You may wish to restrict the consumption of garlic and onions by your dogs and cats since it's widely reported that plants in the allium family (garlic and onions) can product hemolytic anemia (a potentially fatal disorder in which red blood cells are destroyed).  There is some discussion on the Internet that this disease is most likely a result of consumption of raw onions and garlic, however there does not seem to be any clear evidence that I've found which clearly rules out a problem with cooked onions and garlic.

For my cats, there are plenty of other normal and not potentially toxic foods to tempt and tantilize their palates.


----------



## college_cook (Mar 13, 2006)

Mike, our male silver tabby, and Panda our 4 lb. (and full grown!!! She is teeny-tiny) calico female, will go for just about anything excep vegetables.  My g/f has a few easy to make staple foods for when she's on the run, and she's really bad about leaving the plates out.  Mike is a huge huge fan of buttered noodles with parmesan cheese while they both enjoy licking cream cheee from her unfinished bagels.

They love little sliced of mozzarella and colby-jack cheese.

Mike loves toast, but only if it's wheat toast.

There was one exception where Mike did eat some broccoli, although it was the kind found in those turkey-cheddar Lean Pockets.

They love when I stir fry!  I don't know if the smells attract them, but they love to watch me flip stuff aroundin  my wok.  I think they're koping for some of the meat to fly out my wok.


----------



## grumblebee (Mar 13, 2006)

Shunka said:
			
		

> Good to know that a couple of my 13 cats aren't the only ones that enjoy olives!! Of course not all of them enjoy all the same foods. One loves cooked cabbage with onions and butter, another likes tomato pie and braunschweiger sandwiches. There are so many different things, the list would be too long!!


 
13 cats!!! Do you live on a farm or something? Whoa... 2 kitties in my house keep me busy enough, how do you manage them all?


----------



## tancowgirl2000 (Mar 13, 2006)

we have two cats Bullet...If you know me you'll know why he has that name...and Cotton, figure their colors?  I havent given them human food yet as they are just 4 months so I am waiting a while longer yet.  However they seem to have found this odd taste for pizza.....one piece left out and its devoured in the morn...sheesh


----------



## Vicious Vaness (Mar 13, 2006)

My cat will whine and beg for anything we're eating. We leave dry food out for him, but when we're eating something he can't eat, we give him wet food. We also buy him a rotisserie chicken from costco. (spoiled brat!!) He likes chicken but I think his favorite is fish.


----------



## lindatooo (Mar 13, 2006)

Daddy's Little Darling (aka Domino - a main coon with 1 green eye and 1 blue) seems to know when I bring a can of tuna into the kitchen even when she's upstairs and appears immediately for her share and she loves the liquid.  I don't give her much of that because of the salt.

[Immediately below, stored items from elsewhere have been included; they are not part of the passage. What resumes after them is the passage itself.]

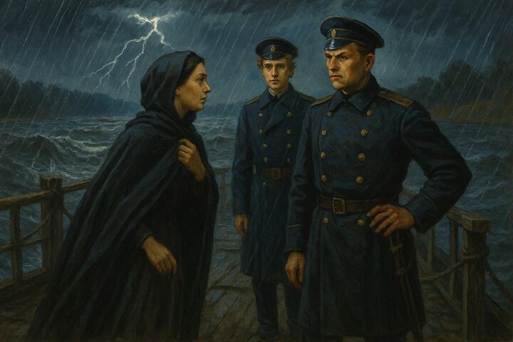 Пора-Леонович заявил, что генерал запретил переправлять кого бы то ни было по ночам, да и опасно делать это во время грозы. Женщина умоляла его, объясняла, что каждый час ожидания для осуждённого — это дополнительные муки. Горев, тронутый её отчаянием, предложил сам переправить женщину, но Пора-Леонович напомнил ему о его ране и запретил.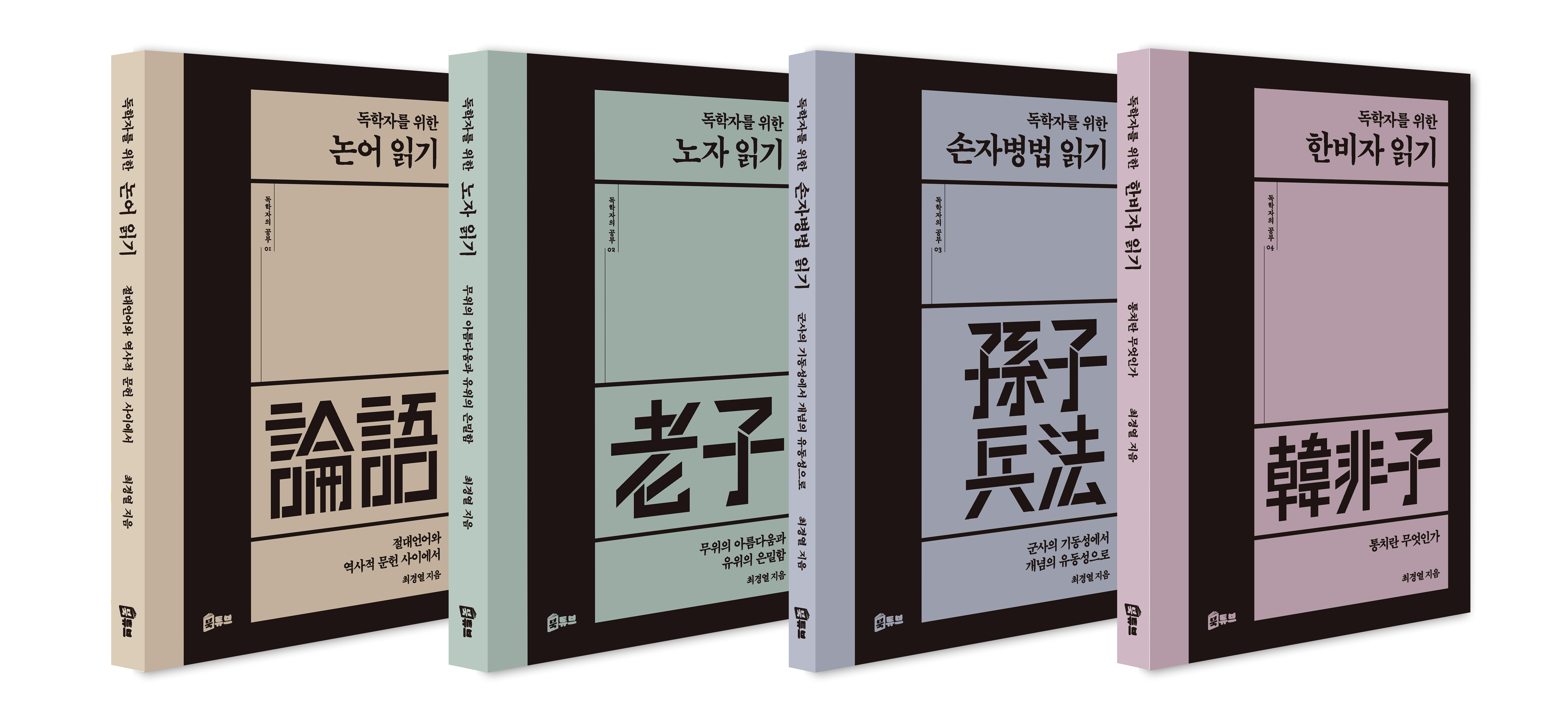 유가의 『논어』, 도가의 『노자』, 병가의 『손자병법』, 법가의 『한비자』. 제자백가의 대표 텍스트들이죠. 이번에 나온 ‘독학자의 공부’ 시리즈는 이 쟁쟁한 고전들을 한문학자인 최경열 선생님이 깊이 있게 풀어 주는 책들입니다. 최경열 선생님은 대안연구공동체 <파이데이아>와 <인문학당 상우> 등에서 한문 강독 강좌를 진행하면서 고전의 지혜와 재미를 많은 이들에게 전하고 계신데요. 이번에 나온 책들을 통해 제자백가 시대의 여러 사상가들이 품고 있는 다양한 의미를 드러내 보여 주고 있습니다.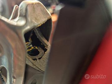 Di per sé sono tenuti molto bene, però in uno sci c'è l'attacco del tallone rotto nel senso che si è staccato un pezzo di plastica, nell'ultima foto si vede il particolare.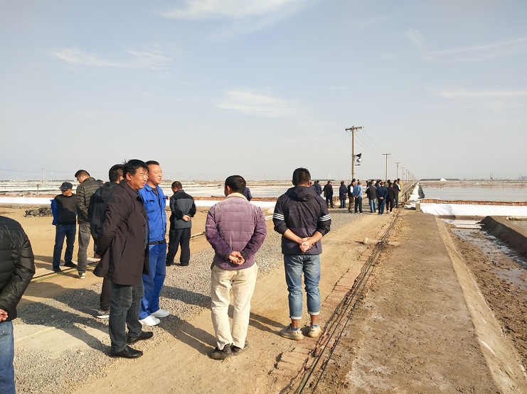 新河制鹽分公司經(jīng)理安樹林帶領(lǐng)大家參觀七班灘場文明建設(shè),在參觀現(xiàn)場,經(jīng)理安樹林對新河參會班組提出要求:今年冬準工作各班組要抓頭抓早抓實,嚴格冬準各項工作標準,按時間節(jié)點開展各項工作;塌陷的池堰進行重新修補整理,倒塌嚴重池堰把土工布揭開重新修整;對副廩基、咸溝道、下馬格窮制鹵,中高級鹵水及時的進行回收存儲;土塘清淤二節(jié),做到周邊淤泥踏平踏實,邊口整齊上線,嚴格按照公司標準完成;做好鹵水收儲工作,全灘越冬鹵水不得低于45000立方,窮制鹵2000立方;對走過鹽的廩基按標準完成,做到內(nèi)外沒有雜物,副廩基沒有小鹽面,廩基外圍要有排水溝道。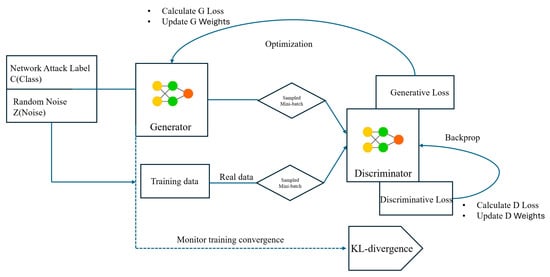 Algorithm 1 outlines the adversarial training process of the proposed MIDS-GAN, which integrates conditional generation [25], auxiliary classification [26], and the adaptive ACON activation [8]. The process begins with the initialization of generator and discriminator parameters. For each epoch, real samples from the dataset and synthetic samples generated by are alternately used to update the discriminator , following the mini–max adversarial framework of Goodfellow et al. [15]. The generator is subsequently updated to minimize the adversarial loss while maintaining class-label consistency, consistent with the ACGAN principle [26]. The ACON activation [8] dynamically adapts neuron responses to stabilize gradient flow. Training iterations continue until the class-conditional KL divergence between real and synthetic data distributions converges, ensuring that the generated data are statistically aligned with the minority-class manifold.

Any time raw chicken breast appears on the counter either as part of a whole chicken or alone she is there in a heart-beat _demanding _her "share" - she only wants about a tablespoon of it, cut into tiny pieces, but I swear she's try to make off with the whole chicken if she were denied it!  She will not touch the dark meat, though.

She asks (putting it politely) for her cream very nicely; prancing and "talking" all over the kitchen counter.  (I do sanitize every square inch of the counter top before I cook anything!) until - usually Daddy - pours just the correct amount (about 2 T) into her own little glass bowl and then microwaves it for 4 seconds.  If it's not microwaved she will snub it.

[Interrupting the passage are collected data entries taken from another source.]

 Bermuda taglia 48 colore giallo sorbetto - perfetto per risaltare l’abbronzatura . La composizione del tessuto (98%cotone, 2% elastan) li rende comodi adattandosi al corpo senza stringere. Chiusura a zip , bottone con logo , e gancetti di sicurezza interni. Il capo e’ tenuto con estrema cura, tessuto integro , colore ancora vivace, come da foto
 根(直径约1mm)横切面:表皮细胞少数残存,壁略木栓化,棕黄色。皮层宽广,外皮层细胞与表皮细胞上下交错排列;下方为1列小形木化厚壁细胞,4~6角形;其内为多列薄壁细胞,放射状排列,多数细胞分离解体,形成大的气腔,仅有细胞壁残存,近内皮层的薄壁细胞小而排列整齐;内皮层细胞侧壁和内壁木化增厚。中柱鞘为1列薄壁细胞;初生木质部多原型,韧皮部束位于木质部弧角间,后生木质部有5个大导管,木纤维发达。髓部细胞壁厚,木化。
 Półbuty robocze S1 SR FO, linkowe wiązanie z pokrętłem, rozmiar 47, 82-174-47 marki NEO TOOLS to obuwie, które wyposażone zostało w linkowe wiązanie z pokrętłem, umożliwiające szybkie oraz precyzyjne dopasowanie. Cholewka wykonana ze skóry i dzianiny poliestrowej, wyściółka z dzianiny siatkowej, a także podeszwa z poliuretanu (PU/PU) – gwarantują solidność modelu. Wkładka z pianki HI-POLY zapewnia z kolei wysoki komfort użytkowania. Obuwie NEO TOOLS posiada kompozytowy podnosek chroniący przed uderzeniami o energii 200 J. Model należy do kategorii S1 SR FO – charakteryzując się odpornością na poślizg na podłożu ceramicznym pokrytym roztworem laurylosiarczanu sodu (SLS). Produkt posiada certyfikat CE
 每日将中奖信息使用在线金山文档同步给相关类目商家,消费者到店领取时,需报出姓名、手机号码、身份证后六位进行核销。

Once in a great while she will agree to a bit of cooked food - but it's usually just a ruse to get Daddy to offer it to her.

If her bowl is empty she will "lead" us to her feeding station in the laundry room - walking in front close enough to trip us if necessary.  Doesn't mean she wants to eat...she just wants to get us to fill the bowl.  This behavior doubles when she wants to be groomed.

When DH came home after having stitches & splint removed from his arm she tasted him!  Right on the wrist - no breaking of the skin but definitely a bite though without the "death shake" which is administered when he's doing something to her she wants stopped.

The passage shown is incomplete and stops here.